August 26,
2009
GenVec,
Inc.
65 West Watkins
Mill Road
Gaithersburg,
MD 20878
Ladies and
Gentlemen:
The undersigned (the “Investor”)
hereby confirms and agrees with you as follows:
1. This
Purchase Agreement (the “Agreement”) is made as of the
date hereof between GenVec, Inc., a Delaware corporation (the
“Company”), and the Investor that is a signatory to
this Agreement.
2. The
Company has authorized the sale and issuance of up to 8,000,000
shares of its common stock (the “Offered Shares”), par
value $0.001 per share (the “Common Stock”), and
warrants to purchase up to 4,000,000 shares of Common Stock (the
“Offered Warrants”) (the
“Offering”). The Offered Shares and the
Offered Warrants shall be sold together as units, each unit
consisting of one Offered Share and 0.50 Offered Warrants (the
“Warrant”) to purchase one share of Common Stock (such
units are referred to herein individually as the “Offered
Security” and collectively as the “Offered
Securities”). The exercise price of the Warrants
is $0.828 per share. The Offering is being made pursuant
to an effective shelf registration statement on Form S-3 (SEC File
No. 333-140373).
3. The
Company and the Investor agree that the Offering is being made
subject to the execution by the Company and the Placement Agent of
the Placement Agency Agreement, delivery of the prospectus
supplement dated the date hereof, delivery of the base prospectus
relating to the Offered Securities and delivery of additional
offering information, including pricing information.

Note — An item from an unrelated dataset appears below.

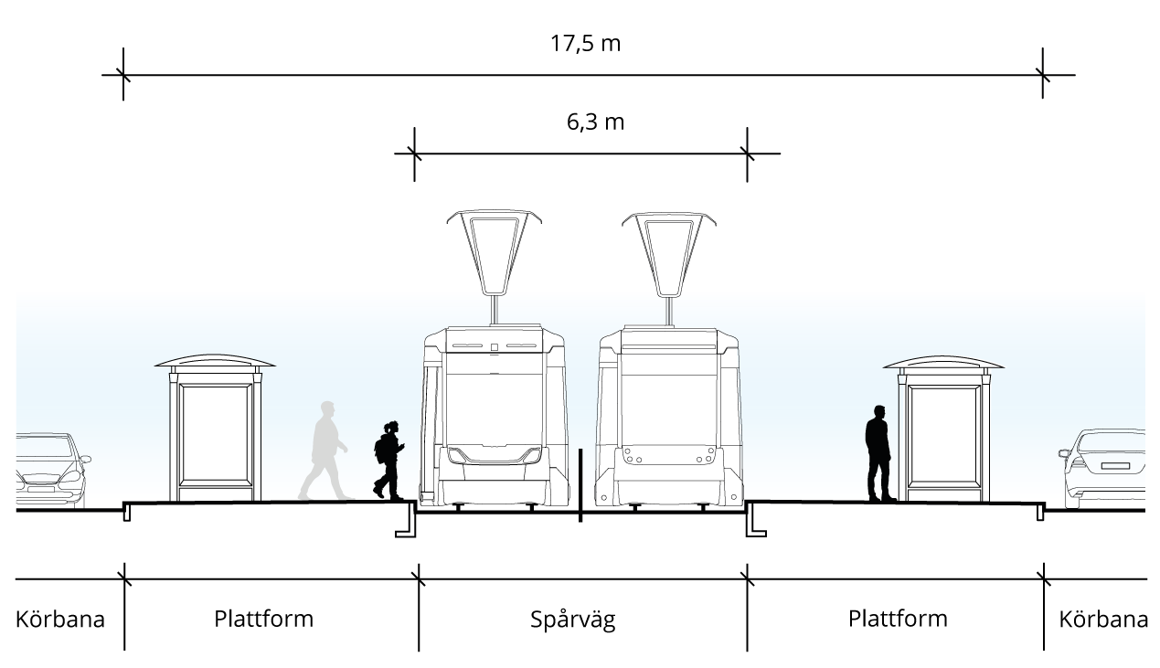 Principsektion för spårvagnshållplats med plattformarna placerade mittemot varandra och körbana bakom.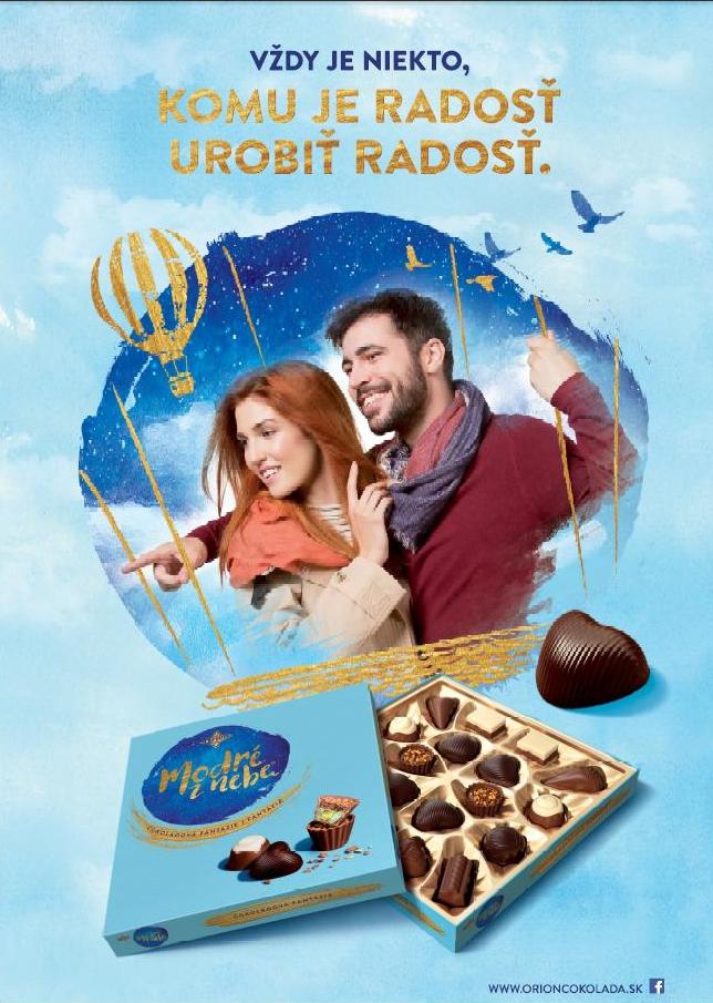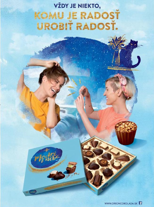 Súčasťou zmien, ktorými prešla bonboniéra Orion Modré z neba je aj komunikačná kampaň, ktorá bude podporená špeciálnym televíznym spotom s mottom „Vždy je niekto, komu je radosť urobiť radosť“.

The
Company and the Investor agree that the Investor will purchase from
the Company and the Company will issue and sell to the Investor the
number of Offered Securities set forth below the Investor’s
name on Schedule I hereto, at a purchase price of $0.75 per share,
pursuant to the Terms and Conditions for Purchase of Offered
Securities attached hereto as Annex I and incorporated
herein by reference as if fully set forth herein. The
Investor acknowledges that the Offering is not being underwritten
by the Placement Agent and that there is no minimum offering
amount. Shares of Common Stock will be credited to the
Investor using customary book-entry procedures. The
executed Warrant will be delivered pursuant to the terms
thereof.
4. The
Investor represents that, except as set forth below, (a) it has had
no position, office or other material relationship within the past
three years with the Company or persons known to it to be
affiliates of the Company, (b) except as set forth on Schedule II
hereto, neither it, nor any group of which it is a member or to
which it is related, beneficially owns (including the right to
acquire or vote) any securities of the Company and (c) it is not a
FINRA member or a person associated with or affiliated with any
FINRA member as of the date hereof.
5. The
Investor confirms that it has had full access to all filings made
by the Company with the Securities and Exchange Commission,
including the registration statement and base prospectus relating
to the Offered Securities, and the documents incorporated by
reference therein, and that it was able to read, review, download
and print each such filing.
Please confirm that the foregoing correctly sets
forth the agreement between us by signing in the space provided
below for that purpose.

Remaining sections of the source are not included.